Healthcare worker wearing a surgical mask at California Pacific Medical Center courtesy Artur Bergman, flickr

When disease outbreaks occur, people with essential roles – healthcare workers, first responders, and teachers, for example – are typically up close and personal with infected people. As these front-line workers become infected, healthy individuals take their places.

Mathematical biologist Samuel Scarpino, who creates and analyzes epidemiological models, wondered how this exchange of critical people affects the spread of disease. The practice clearly raises the risk of infection for the replacement individuals – but the population dynamics of this increase are neglected in existing epidemiological models. 

Scarpino, while he was an Omidyar Fellow at SFI, set out to quantify that risk and understand its influence. He enlisted the help of theoretical physicist Laurent Hébert-Dufresne, a James S. McDonnell Fellow at the Institute, and Antoine Allard, Hébert-Dufresne’s longtime collaborator from the University of Barcelona. Both study complex patterns in networks.

The trio integrated this “human exchange” into network models of disease and found that replacing sick individuals with healthy ones can actually accelerate the spread of infection. Scarpino and Hébert-Dufresne tested their ideas on 17 years’ worth of data on two diseases: influenza and dengue.

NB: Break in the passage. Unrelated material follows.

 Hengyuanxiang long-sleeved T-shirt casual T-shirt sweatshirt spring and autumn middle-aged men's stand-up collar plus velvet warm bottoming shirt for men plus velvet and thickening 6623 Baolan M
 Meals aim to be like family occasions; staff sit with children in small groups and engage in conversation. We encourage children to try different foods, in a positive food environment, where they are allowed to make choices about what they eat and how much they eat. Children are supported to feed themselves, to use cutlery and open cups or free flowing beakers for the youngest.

Their analysis, published August 1 in Nature Physics, reveals that human exchange likely accelerates outbreaks of influenza, which spreads via human contact. But it has no effect on the spread of dengue – which makes sense, as dengue spreads via mosquitoes. 

“We didn’t see a strong signal in diseases where we didn’t expect it,” says Hébert-Dufresne. 

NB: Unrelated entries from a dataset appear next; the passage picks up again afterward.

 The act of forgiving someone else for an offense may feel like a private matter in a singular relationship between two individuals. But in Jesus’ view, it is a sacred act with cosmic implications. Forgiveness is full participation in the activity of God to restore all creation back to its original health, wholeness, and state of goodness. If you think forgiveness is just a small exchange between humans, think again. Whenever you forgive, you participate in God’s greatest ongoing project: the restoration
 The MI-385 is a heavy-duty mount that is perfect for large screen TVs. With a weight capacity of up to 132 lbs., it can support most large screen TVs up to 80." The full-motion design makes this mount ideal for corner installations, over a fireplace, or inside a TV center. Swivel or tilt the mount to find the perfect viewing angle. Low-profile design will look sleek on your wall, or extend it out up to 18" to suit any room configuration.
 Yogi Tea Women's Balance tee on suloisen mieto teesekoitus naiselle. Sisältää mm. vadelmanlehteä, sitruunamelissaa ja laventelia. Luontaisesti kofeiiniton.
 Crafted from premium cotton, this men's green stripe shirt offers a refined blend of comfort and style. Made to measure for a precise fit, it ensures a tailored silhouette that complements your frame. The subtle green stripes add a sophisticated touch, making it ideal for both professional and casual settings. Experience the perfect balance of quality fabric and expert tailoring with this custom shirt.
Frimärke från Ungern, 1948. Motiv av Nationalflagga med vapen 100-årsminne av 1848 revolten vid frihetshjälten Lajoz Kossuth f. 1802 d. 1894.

What does this mean in terms of practical advice for workers and managers contemplating a sick day? "Of course, being infinitely prudent and staying home as soon as we get infected would be ideal," says Hebert-Dufresne. "The problem is that we cannot afford to be infinitely prudent. From there comes a tradeoff: staying home always slows down an epidemic at first, but eventually the fact that some responsibilities of sick workers are redistributed catches up to us once the epidemic is more prevalent. That's when we see an acceleration."

A sick person should stay home, the researchers advise. But if possible, their responsibilities should be redistributed among existing workers (that is, another worker should not be brought in to replace him or her, if possible). 

Scarpino, now an assistant professor at the University of Vermont, says he hopes to see this effect integrated into future epidemiological models. “Models where you start to incorporate slightly more realistic human behavior are essential if we’re going to make high-fidelity public health and clinical decisions,” he says.